Сохранение исторических ландшафтов – одна из задач всеобщего, всенародного дела охраны памятников. И одна из наиболее осуществимых, поскольку для этого требуется только одно: оградить подобные ландшафты от бездумной, близорукой застройки. В преддверии исполняющегося в 1988 году тысячелетия русской культуры мы уже потеряли вид на Днепр в центральной части Киева. Медленно и неуклонно теряется замечательная первозданность Ферапонтова, давно требующего создания здесь обширного архитектурно-художественного и природного заповедника. Нельзя допустить и окончательной порчи новгородских ландшафтов. Сохранение подобных исторических зон – не прихоть чудаков, желающих приостановить ход истории, а настоятельная необходимость, наша национальная задача.
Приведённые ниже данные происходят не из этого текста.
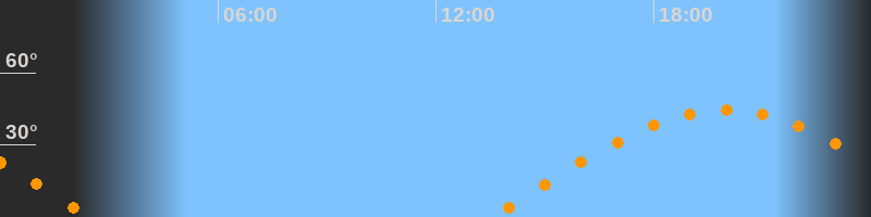 | Aufgang | 13:30 Uhr im Osten (αAz = 81°) |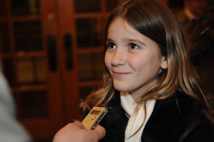 在学校上七年级的Gabrielle Schibo是一个可爱的小姑娘,在演出结束后她愉快的接受了采访,她说妈妈到过中国,很喜欢中国文化,她们全家是在报纸上看到了广告后就买票来看。她说:“这个演出很神奇(amazing),表演的非常好,很好的体现了中国文化。”她说自己最喜欢表现质朴、欢快、充满活力的藏族青年们的舞蹈《雪山欢歌》,服装非常美,音乐也很精彩。她说也很喜欢《金猴降妖》中的孙悟空。Gabrielle最后说自己会把这个演出介绍给所有的朋友。
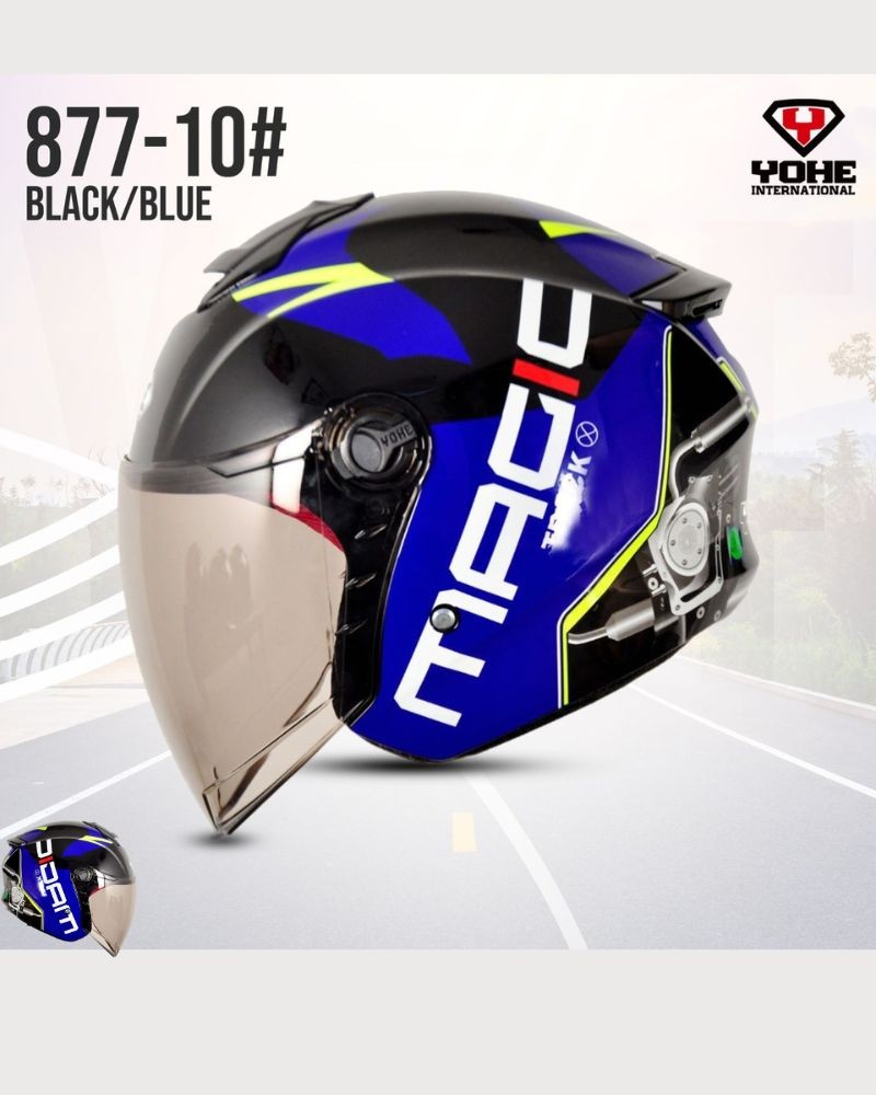 Yohe 877-11 Black Blue Color Half Face Helmet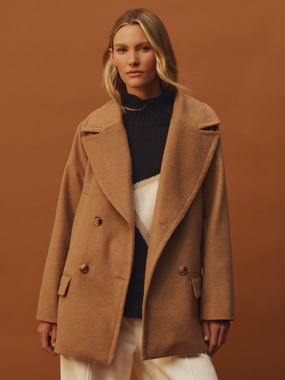 Our Umbra coat in rich sienna, crafted from a soft wool blend featuring wide lapels, will keep you warm on crisp mornings this winter.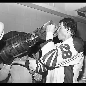 Oshawa defenseman Gord Murphy takes a drink from the J. Ross Robertson Cup - (Oshawa Times)

Выдающийся педагог К. Д. Ушинский высказал в свое время очень простую и правильную мысль: «Я вынес, – говорил он, – из впечатлений моей жизни глубокое убеждение, что прекрасный ландшафт имеет такое огромное воспитательное влияние на развитие молодой души, с которым трудно соперничать влиянию педагога». А другой великий русский человек, Петр Ильич Чайковский, сказал так: «Восторги от созерцания природы выше, чем от искусства». Природа беззащитна, и уродовать ее так же безнравственно и преступно, как избивать ребенка или старика. Если в нас еще сохраняется совесть и чувство национального достоинства, если мы не на словах, а на деле любим свою Родину, нужно принимать немедленные меры против тех, кто уничтожает лучшее из созданий нашего мира – природу и один из самых величественных памятников отечественной и мировой культуры – Великий Новгород.

На этом кончается длинное письмо новгородцев, написанное в 1987 году. Хотя оно длинное и написано не сегодня, о нем не следует забывать. Многие проблемы остались теми же или будут вновь и вновь возникать со сменой руководителей. Соблазн забывать ошибки и повторять их вновь и вновь в почти неизмененном виде всегда очень велик. У ошибок тоже есть «традиция». Есть свои «традиции» и у простого невежества.

* * *

«Мне пришлось говорить на Ярославщине со многими руководителями местных отделов культуры. Однако искренней заинтересованности в судьбе обременительного, хотя и славного наследства, которое досталось Ярославщине от прошлого, я не встретил почти ни у кого.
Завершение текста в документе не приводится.